第2話 ネルエランド

 長老に案内され、この村で一番立派と思われる屋敷に入ると、俺たちは5人ほどの年長者と対峙して座った。

「ところで、我々は南の方から、この地に来たばかりで何も分からないのですが、いろいろと教えてくれませんか?

 まず、この国は何という国でしょうか?」

 俺の質問に一番の年長者で、恐らく長老と思われる老人が話を始める。

「この国は『ネルエランド』といい、ネルエ川で行く事の出来る最も南にある国です。

 ところで、あなた方は『南の方から来た』と仰られたが、ここより南はないはず、なのに南の方から来たとは、どういう事でしょうか?」

「私どもはあなた方の言う『ネルエ川』の下流の方から来たのです。ちょっと前に大地が揺れ、ネルエ川が川でなくなりました。

 そのため、川を遡る事ができるようになったのです。我々は遥か南の方から川を遡って来ました」

「なんと…、そうでしたか。

 しかし、ネルエ川には途轍もない魔物が住んでいたはずです。
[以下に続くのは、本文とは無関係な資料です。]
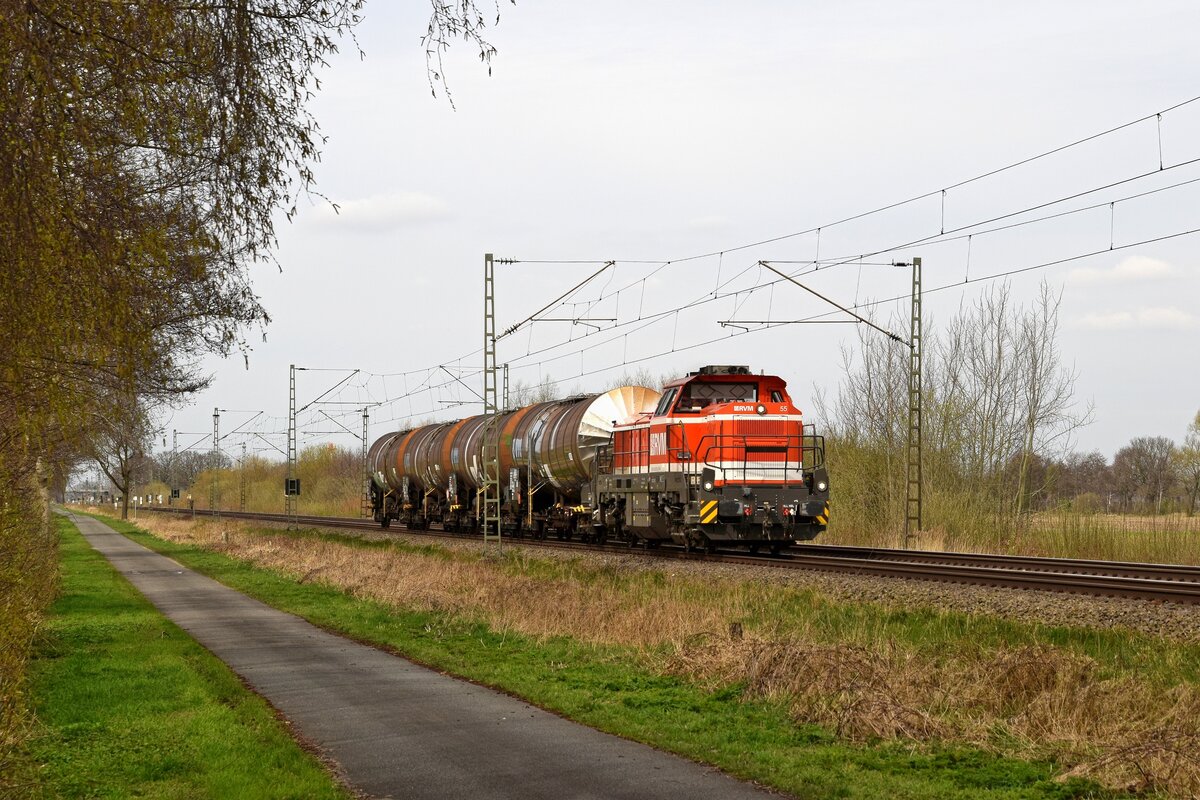 RVM 55 (4185 025) mit Kesselwagenzug in Richtung Osnabrück (Lembruch, 27.03.2024).

その魔物はどうしたのでしょうか?」

「それは我々が退治しました」

「なんと…、なので山賊どもも簡単に退治できたのですね」


 長老の話は続いた。

 この「ネルエランド」は鼠人が治める国であり、その国王は暴虐非道、鼠人以外は人として認めないような国王だった。

 税の取り立ても決まった制度がなく、役人と言うやつらがいつも来ては、食料を取り立てていたが、そのうち取る物がなくなると、今度は若い男たちを連れて行くようになった。
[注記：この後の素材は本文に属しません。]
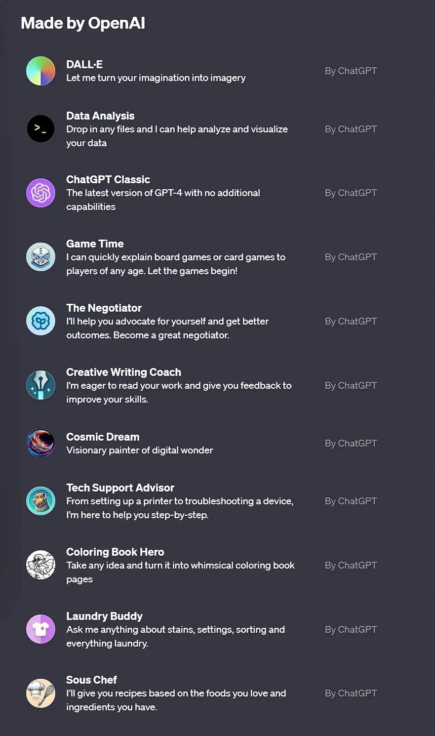 在 OpenAI 的官网上,目前由官方推出的 GPTs 只有 16 个,像大伙儿比较熟悉的 DALL-E ,还有什么数学导师、游戏时间、谈判者、洗衣伙伴... 算是官方亲自下场给大家打了个样儿。
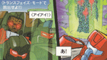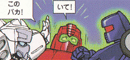 ファルシア「このバカ!」(レッドの頭を小突く) レッドライン「いて!」 フラットアウト「また先走りやがって。お前ひとりに面倒を押しつけるかよ!」 キングボルト「いまや結晶体の処置は、マイクロンの責任となった」 コンバスタ「わかったら次元のアクセスをこっちにも開きな、おセンチ坊や!」 かくして、破滅の種子による危機は回避されたのだった…。 その夜。バンブルとプライムが、レッドライン達の前に現れた。

 そうなると、働き手がいなくなり、農作物も作れなくなったが、税の取り立ては相変わらずで、悪循環に陥る。

 そんな時、国王が南の国に進出すると言い出し、大量の軍船を造ってネルエ川を下って行ったが、誰一人として戻らなかった。

 国民の間では、魔物に襲われたと言われているそうだ。

 それからは、長男の王子が国を継いだが、次男、三男の王子と相性が悪く、王位継承を巡って対立している。

 王子以外にも、宰相も絡んできて、今や四つ巴の状態とのこと。

 国の中心が乱れているので、当然国の中も乱れており、今やあちこちに山賊や強盗団のような者が蔓延っている。
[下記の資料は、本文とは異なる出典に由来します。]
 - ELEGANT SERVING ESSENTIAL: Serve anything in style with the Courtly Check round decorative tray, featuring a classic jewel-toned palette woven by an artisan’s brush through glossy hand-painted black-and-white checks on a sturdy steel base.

 それに輪をかけて役人も非道を行っているため、とても安心して暮らしていけないとの事だ。


「前の国王も酷かったが、それでもまだ力のある者が纏めていた分、それなりの秩序がありました。今ではその秩序もなくなって、人を殺しても誰も文句は言いません」

「なるほど、ではこのネルエランドという国以外には何という国があるのですか?」

「ここから北の方にも国があったと聞いた事があります。ですが、このような辺鄙な村では情報が入りません。正直、私共も何という国があるのかさえ、分からないのです。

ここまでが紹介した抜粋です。